As a result of these legal issues, BofI's stock became a big target for short-sellers. In fact, more than 36% of all of BofI's outstanding shares were sold short as of March 15, 2017.
Don't lose sight of the big picture
Despite all of the legal noise, BofI's business is firing on all cylinders. Because of the cost advantages that come with being an online-only bank, BofI has built one of the most efficient and profitable operations in the industry.
In the most recent quarter, BofI produced a return on equity (ROE) of 17.49% and a return on average assets (ROAA) of 1.66%, with most metrics handily surpassing the industry benchmarks of 10% and 1%, respectively. The bank's efficiency ratio of 31.46% is less than half of its peer group average of 66.82%. (Lower is better.)
Not only is BofI profitable and efficient, but it's growing at a breathtaking pace. Loan originations have grown at an annualized rate of 43% since 2011, and earnings have grown at a 32% rate. During these years, the bank has successfully transitioned from a time-deposit (CD) business model to one based on more traditional banking products, such as checking and savings accounts, which has helped fuel its growth and continues to do so.
Image source: BofI Holding Investor Presentation.
The growth isn't slowing down much just yet. In fact, in the most recent quarter, BofI's assets grew by 22.6% year over year, and deposits grew by 27%. BofI's roughly $8 billion in total assets is actually quite small for the banking industry, so there could be many years of double-digit growth still to come.

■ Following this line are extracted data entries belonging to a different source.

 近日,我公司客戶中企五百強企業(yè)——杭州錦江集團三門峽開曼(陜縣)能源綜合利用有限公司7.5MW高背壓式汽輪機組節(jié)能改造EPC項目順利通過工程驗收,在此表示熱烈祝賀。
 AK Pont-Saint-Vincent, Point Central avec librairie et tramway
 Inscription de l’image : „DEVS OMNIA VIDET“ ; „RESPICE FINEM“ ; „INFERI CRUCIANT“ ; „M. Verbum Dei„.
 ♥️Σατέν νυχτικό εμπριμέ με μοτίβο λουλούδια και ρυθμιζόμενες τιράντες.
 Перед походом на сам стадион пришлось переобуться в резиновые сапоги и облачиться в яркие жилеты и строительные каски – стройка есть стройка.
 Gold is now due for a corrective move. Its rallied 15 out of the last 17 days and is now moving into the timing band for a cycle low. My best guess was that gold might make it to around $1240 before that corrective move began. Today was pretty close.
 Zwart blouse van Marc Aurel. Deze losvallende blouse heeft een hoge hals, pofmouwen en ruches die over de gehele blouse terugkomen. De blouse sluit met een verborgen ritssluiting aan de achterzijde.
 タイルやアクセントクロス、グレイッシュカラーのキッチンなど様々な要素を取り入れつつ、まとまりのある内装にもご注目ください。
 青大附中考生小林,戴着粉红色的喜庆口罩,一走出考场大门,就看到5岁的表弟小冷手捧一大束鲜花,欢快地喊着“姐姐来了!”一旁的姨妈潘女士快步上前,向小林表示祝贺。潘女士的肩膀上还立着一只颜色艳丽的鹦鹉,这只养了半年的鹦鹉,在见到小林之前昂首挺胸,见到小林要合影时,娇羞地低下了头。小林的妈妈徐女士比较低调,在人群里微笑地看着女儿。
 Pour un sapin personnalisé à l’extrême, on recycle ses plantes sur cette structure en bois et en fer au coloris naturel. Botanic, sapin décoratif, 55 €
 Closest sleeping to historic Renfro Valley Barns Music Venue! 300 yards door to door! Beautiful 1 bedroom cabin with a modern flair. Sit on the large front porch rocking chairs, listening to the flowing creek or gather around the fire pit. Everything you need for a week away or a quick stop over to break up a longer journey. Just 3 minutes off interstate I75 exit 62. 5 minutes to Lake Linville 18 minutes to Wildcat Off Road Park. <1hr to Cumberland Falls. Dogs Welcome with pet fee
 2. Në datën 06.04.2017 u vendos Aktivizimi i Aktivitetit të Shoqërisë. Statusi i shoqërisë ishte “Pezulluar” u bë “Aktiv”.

The bottom line: Don't sell your shares just because of this
When a news story like this appears, whether it's about BofI or any other company, for that matter, the worst thing you can often do is to sell your shares after a knee-jerk reaction by the market causes shares to drop.
To the contrary, smart investors look at situations like these as buying opportunities to invest in excellent companies whose stocks are trading for irrationally discounted prices.